From 4a3237fc27cffa2b02c67b7a48c5711fdf284f9d Mon Sep 17 00:00:00 2001
From: Tim Saucer <timsaucer@gmail.com>
Date: Tue, 19 May 2026 15:07:04 -0400
Subject: [PATCH 2/2] feat: restore pub UDAF/UDWF helpers and document inline
 encoding

Re-export `to_rust_accumulator`, `to_rust_partition_evaluator`, and
`PythonFunctionWindowUDF` (with a `MultiColumnWindowUDF` alias) by
promoting `udaf` and `udwf` to `pub mod` so prior downstream Rust
consumers keep their API surface after the inline-encoding refactor.

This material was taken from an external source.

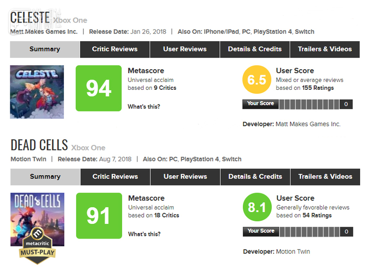 另外,虽然相当数量的高分游戏都是以往成功游戏的续作,但其中仍旧有不少新的名字出现,《死亡细胞》(X1版:91分)和《蔚蓝》(X1版:94分)就是其中非常典型的例子。

Adds an end-to-end window UDF pickle round-trip test that runs the
decoded evaluator over a real session, mirroring the aggregate test.

Documents the cloudpickle-based shipping behavior of Python aggregate
and window UDFs in the user-guide aggregations and windows pages.

Co-Authored-By: Claude Opus 4.7 (1M context) <noreply@anthropic.com>
---
 crates/core/src/lib.rs                        |  4 +--
 crates/core/src/udaf.rs                       | 13 ++++++++-
 crates/core/src/udwf.rs                       | 27 ++++++++++++++++---
 .../common-operations/aggregations.rst        | 18 +++++++++++++
 .../user-guide/common-operations/windows.rst  | 18 +++++++++++++
 python/tests/test_pickle_expr.py              | 17 ++++++++++++
 6 files changed, 91 insertions(+), 6 deletions(-)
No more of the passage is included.